### Try it
What is needed is an exact copy of the lines from the line holding "批准. 图片来自:Energous 官网" through the end of the material, with no other lines and no pictures.

### Material provided
----------

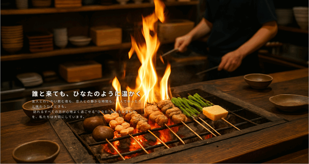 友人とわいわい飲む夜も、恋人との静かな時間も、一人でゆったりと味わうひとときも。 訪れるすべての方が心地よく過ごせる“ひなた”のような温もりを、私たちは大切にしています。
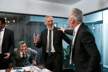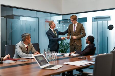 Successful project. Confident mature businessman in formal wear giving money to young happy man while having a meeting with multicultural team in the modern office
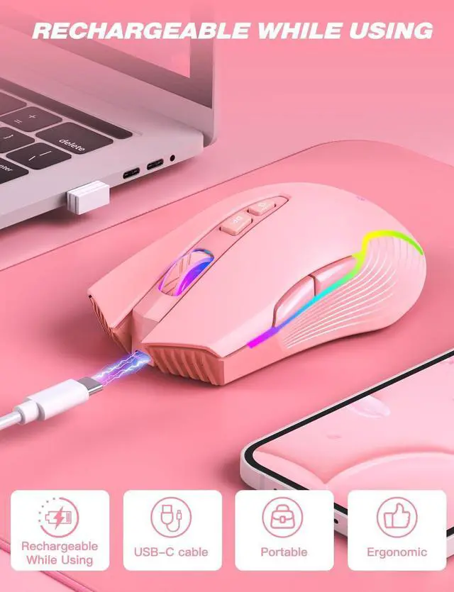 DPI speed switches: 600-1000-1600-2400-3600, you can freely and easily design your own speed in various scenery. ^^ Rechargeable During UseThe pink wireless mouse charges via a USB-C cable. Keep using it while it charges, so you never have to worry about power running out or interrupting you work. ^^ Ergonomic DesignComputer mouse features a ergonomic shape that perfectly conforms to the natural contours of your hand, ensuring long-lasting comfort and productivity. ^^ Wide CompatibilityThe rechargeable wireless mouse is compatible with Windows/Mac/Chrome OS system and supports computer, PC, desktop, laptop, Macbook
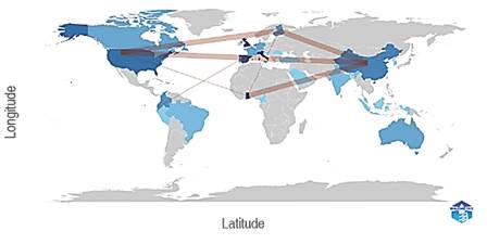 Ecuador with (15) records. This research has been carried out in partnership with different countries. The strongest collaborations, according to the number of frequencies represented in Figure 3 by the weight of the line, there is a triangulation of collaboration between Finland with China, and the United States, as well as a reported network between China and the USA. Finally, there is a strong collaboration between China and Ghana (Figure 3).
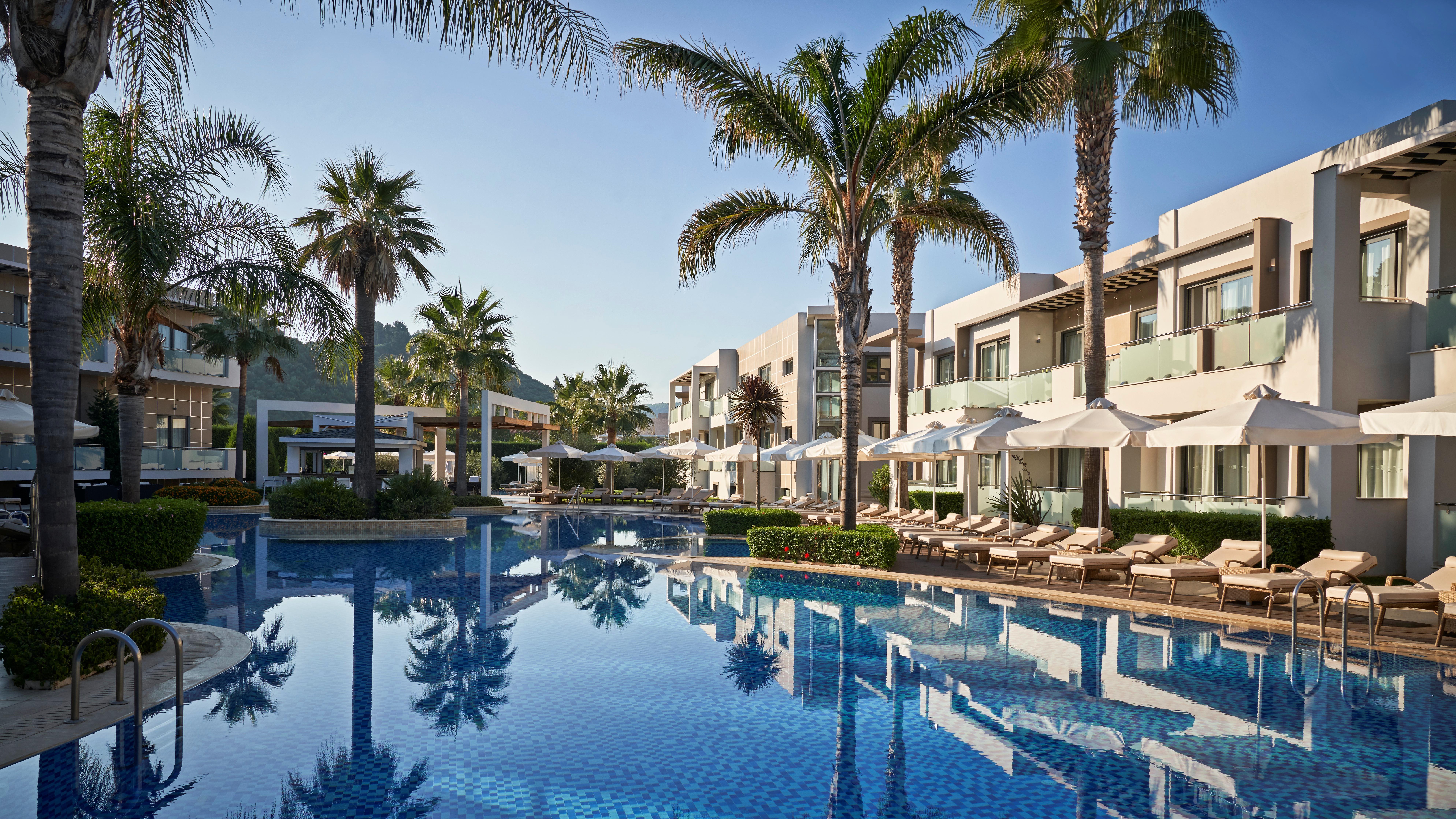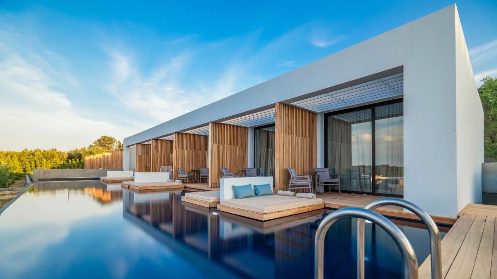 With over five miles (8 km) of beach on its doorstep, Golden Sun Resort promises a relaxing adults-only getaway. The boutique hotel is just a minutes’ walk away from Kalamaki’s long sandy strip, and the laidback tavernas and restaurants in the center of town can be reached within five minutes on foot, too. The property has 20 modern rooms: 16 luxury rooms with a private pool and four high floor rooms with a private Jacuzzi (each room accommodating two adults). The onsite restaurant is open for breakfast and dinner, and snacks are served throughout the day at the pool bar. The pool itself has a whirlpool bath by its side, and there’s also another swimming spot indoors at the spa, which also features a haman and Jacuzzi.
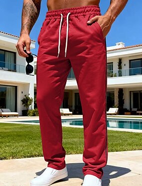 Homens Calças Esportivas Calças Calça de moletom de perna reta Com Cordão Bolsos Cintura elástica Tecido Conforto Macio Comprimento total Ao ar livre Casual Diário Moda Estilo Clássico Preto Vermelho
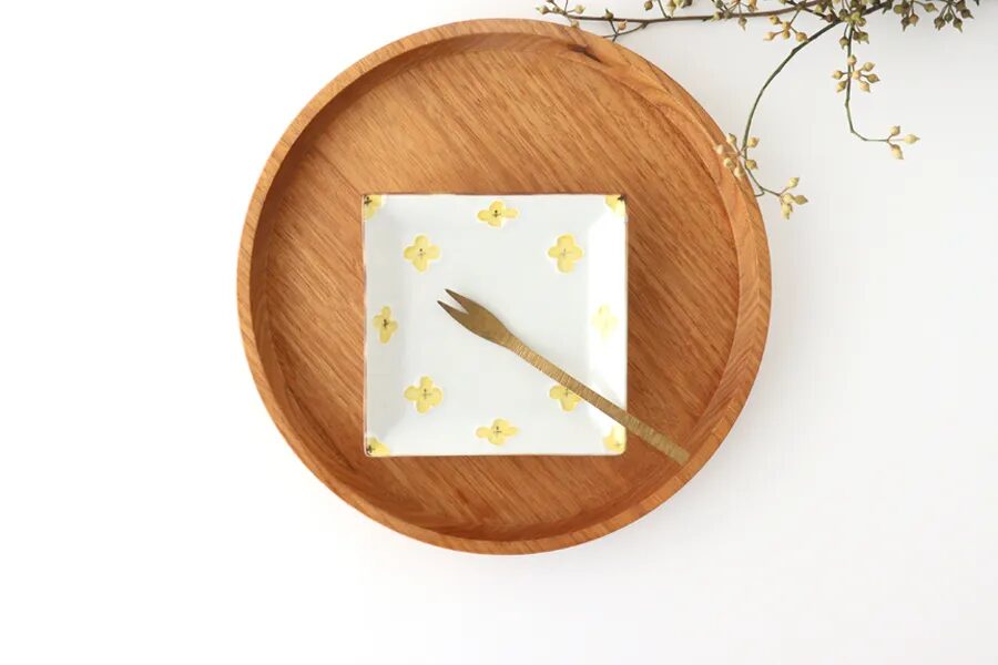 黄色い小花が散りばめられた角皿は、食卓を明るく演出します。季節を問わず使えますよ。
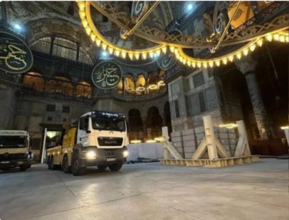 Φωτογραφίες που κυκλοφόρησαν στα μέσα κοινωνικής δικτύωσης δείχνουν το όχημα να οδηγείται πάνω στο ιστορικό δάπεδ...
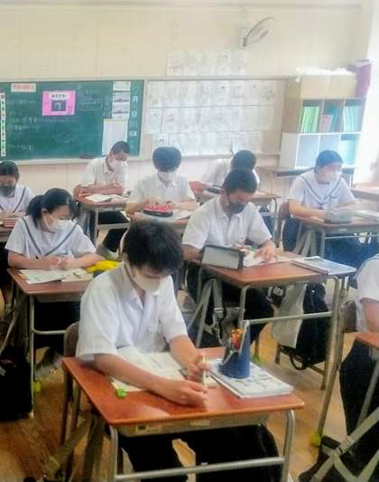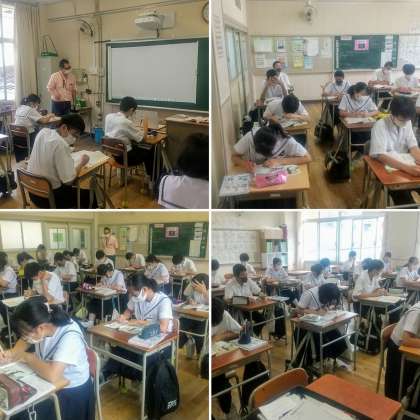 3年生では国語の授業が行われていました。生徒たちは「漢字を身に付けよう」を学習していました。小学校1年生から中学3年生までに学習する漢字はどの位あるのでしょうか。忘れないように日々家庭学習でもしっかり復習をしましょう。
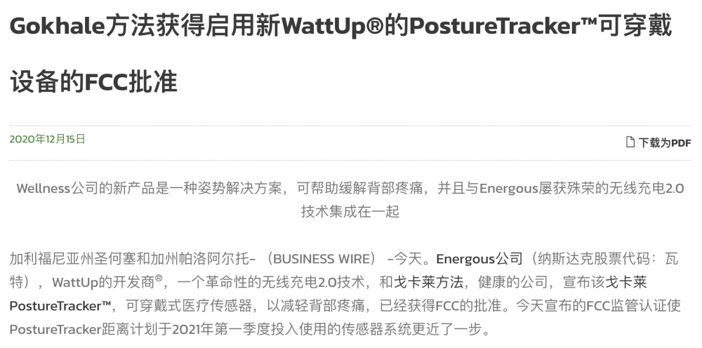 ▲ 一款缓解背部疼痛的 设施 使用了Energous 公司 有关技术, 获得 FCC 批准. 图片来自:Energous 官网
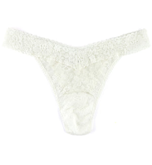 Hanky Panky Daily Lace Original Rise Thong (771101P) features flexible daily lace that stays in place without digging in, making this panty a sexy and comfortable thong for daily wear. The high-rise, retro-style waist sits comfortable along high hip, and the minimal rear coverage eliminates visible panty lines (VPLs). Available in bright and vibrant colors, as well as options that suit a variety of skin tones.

----------

### Answer to this task
 ▲ 一款缓解背部疼痛的 设施 使用了Energous 公司 有关技术, 获得 FCC 批准. 图片来自:Energous 官网
 Hanky Panky Daily Lace Original Rise Thong (771101P) features flexible daily lace that stays in place without digging in, making this panty a sexy and comfortable thong for daily wear. The high-rise, retro-style waist sits comfortable along high hip, and the minimal rear coverage eliminates visible panty lines (VPLs). Available in bright and vibrant colors, as well as options that suit a variety of skin tones.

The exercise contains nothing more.